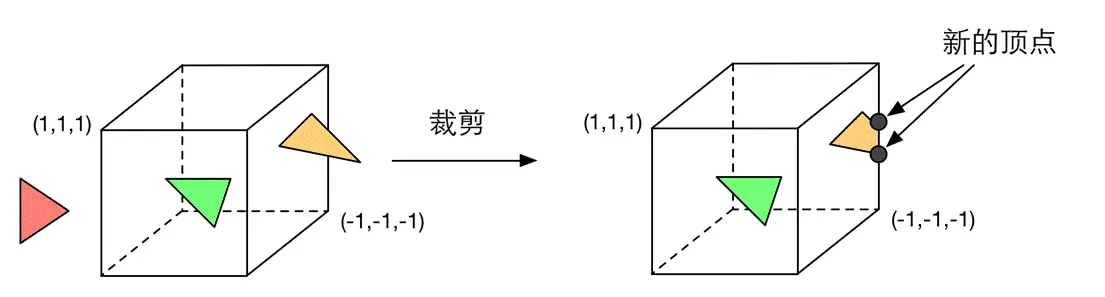 裁剪阶段的目的是将那些不在摄像机视野内的顶点裁减掉,并剔除某些三角图元的面片(面片通常是由一个一个更小的图元来构成的)。 一个图元和摄像机视野的关系有3种:完全在视野内,部分在视野内,完全在视野外。完全在视野内的图元就继续传递给下一个流水线阶段,完全在视野外的图元不会继续向下传递,因为它们不需要被渲染。而那些部分在视野内的图元需要被裁剪。例如,一条线段的顶点在视野内,而另一个顶点不在视野内,那么在视野外部的顶点应该使用一个新的顶点来代替,这个新的顶点位于这条线段和视野边界的交点处。
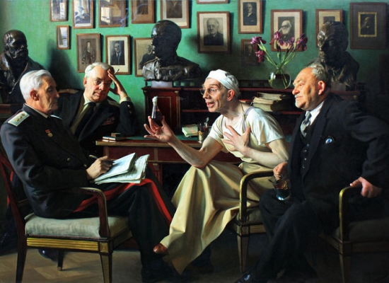 Картину А.И. Лактионова «После операции» (1965) можно причислить к лучшим произведениям художника. Это самая яркая картина о врачах в русской живописи, последняя крупная работа А.И. Лактионова, последний и самый серьезный групповой портрет. А по сложности и глубине замысла, мастерстве исполнения, использованным техническим и технологическим приемам – пожалуй, самое серьезное произведение его творческого пути.
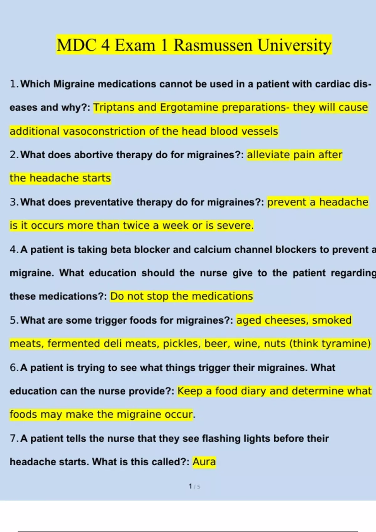 NUR 2502 NUR2502 MDC 4 Exam 1 Rasmussen University
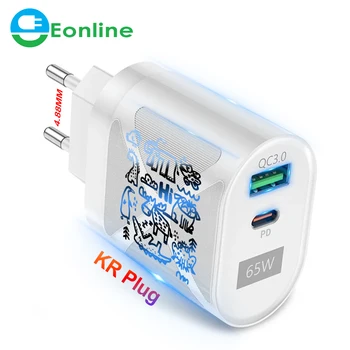 EONLINE 3D EU US UK AU KR PLUG 65W GaN Fast Charge Adapter for Type C PD Quick Charger for iPhone 15 iPad Huawei Xiaomi Samsung
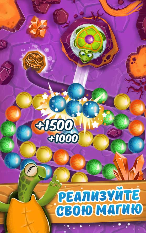 Стреляйте так, чтобы соединять вместе по три и более шаров одного цвета. Можно создавать каскадные взрывы, когда уничтожение одних шаров приводит к соединению других цветов и так далее.
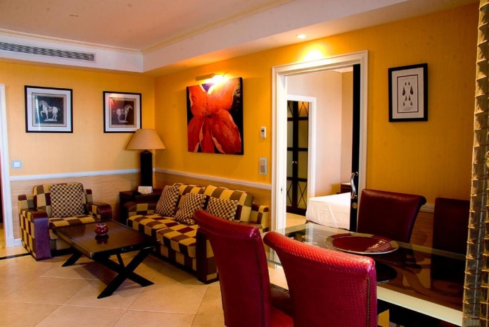 2 спальни (двуспальная и 2 односпальные кровати) отдельная гостиная комната с мини кухней и обеденной зоной, дополнительная кровать для 5-го человека ставится в гостиную, 2 ванные комнаты (одна с гидромассажной ванной), меблированная терраса, вид на море и/или бассейн;

◆ ◆ ◆ ◆

Set down word for word, from the line that contains "Стреляйте так, чтобы" to the end of the listing above, every line and no picture.

 Стреляйте так, чтобы соединять вместе по три и более шаров одного цвета. Можно создавать каскадные взрывы, когда уничтожение одних шаров приводит к соединению других цветов и так далее.
 2 спальни (двуспальная и 2 односпальные кровати) отдельная гостиная комната с мини кухней и обеденной зоной, дополнительная кровать для 5-го человека ставится в гостиную, 2 ванные комнаты (одна с гидромассажной ванной), меблированная терраса, вид на море и/или бассейн;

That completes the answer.